Ex parte Board of Trs. of Univ. of Alabama, ___ So. 3d at ___ (footnotes omitted).
In the present case, Wood's attempt to litigate the validity and amount of the hospital liens through an interpleader claim under Rule 22, Ala. R. Civ. P., did not implicate State immunity and, thus, did not deprive the trial court of jurisdiction. Further, unlike the plaintiff in Ex parte Board of Trustees of University of Alabama, Wood has not abandoned her interpleader claim. Therefore, the trial court erred in granting USA's motion to dismiss for lack of jurisdiction and not allowing Wood to pursue her interpleader claim.
Conclusion
Based on the foregoing, this Court holds that the trial court had jurisdiction over Wood's interpleader claim and, consequently, erred in dismissing the claim. Therefore, we reverse the trial court's judgment, and we remand the case for further proceedings consistent with this opinion.
REVERSED AND REMANDED.
The Alabama Constitution of 2022 states: “That the State of Alabama shall never be made a defendant in any court of law or equity.” Ala. Const. 2022, art. I, § 14. Section 14 “affords the State and its agencies an ‘absolute’ immunity from suit in any court.” Haley v. Barbour Cnty., 885 So. 2d 783, 788 (Ala. 2004). The University of South Alabama (“USA”) is an agency of the State and is absolutely immune from suit: “USA is a State institution of higher learning and, as a matter of law, is a State agency entitled to the absolute immunity of § 14.” Ex parte University of S. Alabama, 183 So. 3d 915, 919 (Ala. 2015). See also Sarradett v. University of S. Alabama Med. Ctr., 484 So. 2d 426, 426 (Ala. 1986) (“[T]he operation of a hospital by a state university falls within the realm of sovereign immunity.”).

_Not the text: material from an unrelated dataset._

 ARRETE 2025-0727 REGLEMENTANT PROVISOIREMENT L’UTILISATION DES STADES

Sally Wood commenced a declaratory-judgment and interpleader action naming as a defendant USA Health University Hospital, which is a division of USA. Thus, a State agency -- essentially the State itself -- has been made a defendant in a court of law. This violates § 14.1 Haley, supra, and Ex parte University of S. Alabama, supra.

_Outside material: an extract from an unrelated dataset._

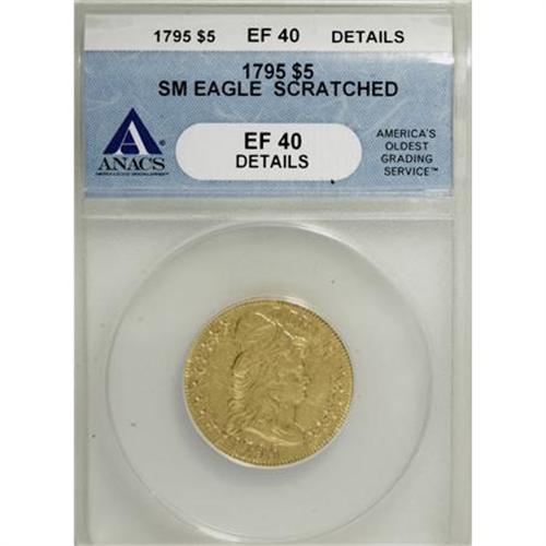 <B>1795 $5 Small Eagle--Scratched--ANACS. XF40 Details.</B></I> Breen-6412, BD-3, High R.3. 1795 saw the first issues of US gold both in the half eagle and eagle denominations. BD-3 is the most plentiful variety of this date, and one that is generally destined for type collectors. The scratches referred to on the holder appear to be a patch to the left of the date, yet they do not interfere with the eye appeal of this coin in the slightest. The expected amount of wear is visible on the highest points of Liberty's hair and the eagle's body. Pale olive-gold in color, with traces of luster still remaining in some of the recessed areas.<BR><BR><B>Coin Engraver:</B> Robert Scot<BR><BR><b>Shipping:</b> Coins & Currency (<a target="_blank" href="http://www.heritageauctions.com/common/shipping.php">view shipping information</a>)

This does not mean that it is impossible to file suits over State funds; there are “exceptions” to State immunity that may provide means to resolve such disputes. See generally Ohio Valley Conference v. Jones, 385 So. 3d 948 (Ala. 2023) (discussing numerous such “exceptions” and suits). But those suits require State officials to be named as defendants, not the State or its agencies. Ex parte Alabama Dep't of Transp., 978 So. 2d 17, 22 (Ala. 2007) (noting that any “exceptions” to § 14 immunity “extend only to suits naming the proper State official in his or her representative capacity” (emphasis added)). See also Alabama Dep't of Transp. v. Harbert Int'l, Inc., 990 So. 2d 831, 841 (Ala. 2008) (noting that “only State officers ․ and not State agencies” may be named as defendants in suits under the “exceptions” to § 14 immunity).

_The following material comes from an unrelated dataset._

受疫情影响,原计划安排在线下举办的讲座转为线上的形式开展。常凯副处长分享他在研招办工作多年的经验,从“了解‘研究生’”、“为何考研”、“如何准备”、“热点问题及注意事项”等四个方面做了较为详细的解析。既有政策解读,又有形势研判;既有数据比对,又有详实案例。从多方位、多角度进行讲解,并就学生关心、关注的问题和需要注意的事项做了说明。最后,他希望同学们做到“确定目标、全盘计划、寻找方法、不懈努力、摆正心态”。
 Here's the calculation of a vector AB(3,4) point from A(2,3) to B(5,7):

If this Court were to create a new “exception” to the Constitution for declaratory-judgment and interpleader suits involving hospital liens, such suits could be maintained only against State officials and not the State or its agencies. Harbert, 990 So. 2d at 841 (holding that the “exception” to § 14 allowing certain declaratory-judgment suits applies only to suits against State officers and not against State agencies). Naming the State or one of its agencies as a defendant is contrary to the clear text of the Constitution.
I respectfully dissent.
On January 14, 2025, the Montgomery Circuit Court entered an order dismissing Sally Wood's action against the University of South Alabama (“the University”) and “Baptist Health, d/b/a Baptist Medical Center South” (“Baptist Health”). I agree with Justice Shaw that, based on our State-immunity precedents, the circuit court did not err in dismissing Wood's action against the University.
I note that the circuit court also dismissed the action against Baptist Health, stating the following in the January 2025 order:
“The Court further finds that [the University] is a necessary party to the action, and that the action cannot proceed solely against [Baptist Health].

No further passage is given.